Caro Giacomo,

Non capisco bene cosa intendi con “armi” (“la cosa divertente (tragica) è che questi argomenti fanno presa su chi (NON) vieta la commercializzazione di queste armi.”)

A presto,

Andrea

OOn Mon, May 13, 2019 at 11:25 AM Giacomo Tesio <giacomo@tesio.it> wrote:
Interessante prospettiva su un software di grande successo commerciale.

Due punti sono particolarmente interessanti:

- la dissociazione cognitiva che permetta agli sviluppatori di sostenere
  che ciò che danneggia la loro percezione della realtà e i loro sogni
  possa essere ininfluente sulla mente dei giocatori cui, by design,
  causa dipendenza

- la tesi di Hutchinson (ex Ubisoft, Creative Director di Assassin’s
  Creed 3 e Far Cry 4) per la quale coloro che non giocano a questi
  giochi violenti ma li osservano dall'esterno hanno una percezione
  esagerata della violenza rappresentata che diventa "abstract
  in nature"

In altri termini chi non è dipendente dal gioco non è assuefatto alla
violenza che vi viene rappresentato. Ma che scoperta sensazionale!

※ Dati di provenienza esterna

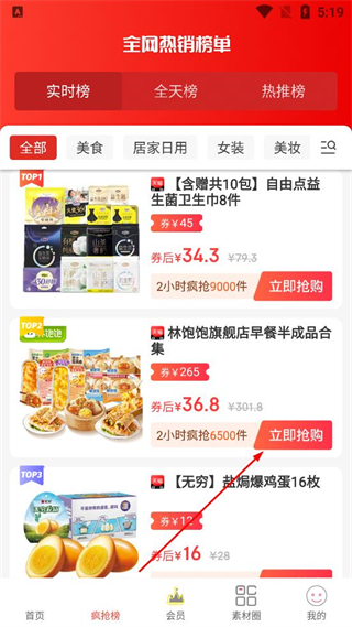 2、進入瘋搶榜頁面,切換淘寶、京東等平臺榜單,選擇實時榜、全天榜等,找到心儀商品如伊利金典純牛奶,點擊立即搶購。

E la cosa divertente (tragica) è che questi argomenti fanno presa su
chi (NON) vieta la commercializzazione di queste armi. Insieme ad
altri incentivi... suppongo.



https://www.kotaku.com.au/2019/05/id-have-these-extremely-graphic-dreams-what-its-like-to-work-on-ultra-violent-games-like-mortal-kombat-11/

Here’s one such story, about a developer who worked with the
cinematics team for Mortal Kombat 11 and requested anonymity in order
to protect their employment prospects. They told Kotaku that they had
worked on the game throughout 2018, and spent their days reviewing
violent animation work, discussing it with leads, sharing feedback
with animators, and generally being surrounded by the kind of bloody
real-life research material that creators reference in order to
animate video game gore. Within a month, they started feeling the
effects.

“I’d have these extremely graphic dreams, very violent,” they told
Kotaku in a call. “I kinds of just stopped wanting to go to sleep, so
I’d just keep myself awake for days at a time, to avoid sleeping.”

Eventually, the developer says they saw a therapist, who diagnosed
them with PTSD. They attribute this to their work on MK11 - not just
the content of the game and having to process and discuss its violent
cinematics frame by frame, but also being surrounded by the reference
materials artists used for research.

“You’d walk around the office and one guy would be watching hangings
on YouTube, another guy would be looking at pictures of murder
victims, someone else would be watching a video of a cow being
slaughtered,” they said. “The scary part was always the point at which
new people on the project got used to it. And I definitely hit that
point.”
[...]

On the one hand, it’s disconcertingly nonchalant. “We do a lot of
testing of, like, how liquid will land on carpet, how it’ll react on
dirt,” he said. “And we do tests and talk about them like ‘Does that
look how you’d think it would look?’... If I get blood on my shirt,
it’s gonna get dark, so it needs to react appropriately. Our tech
artists dig into that and make it look very real.”

On the other, there’s a level of remove: “I hate to keep saying this,
but I think it’s more just the beats to me,” he said. “It’s not so
much what’s happening. It’s more just the animations.”
[...]

“As a mechanic, it’s basically perfect,” said Alex Hutchinson when
asked about violence in video games. Hutchinson is a game director
whose work spans the entire spectrum of video game violence, from the
potentially pacifistic Spore to the far bloodier Assassin’s Creed 3
and Far Cry 4.

“You have a clear goal. It’s exciting because there’s a risk/reward —
you win, they die. You lose, you die. So you’re afraid, and you can
lose things. It’s usually spectacular because you’re shooting a gun or
swinging swords, you get great feedback. You can even see this in
pseudo-gun combat mechanics, like camera mechanics. Because that has
everything that guns have—that’s why Pokémon Snap is so satisfying.”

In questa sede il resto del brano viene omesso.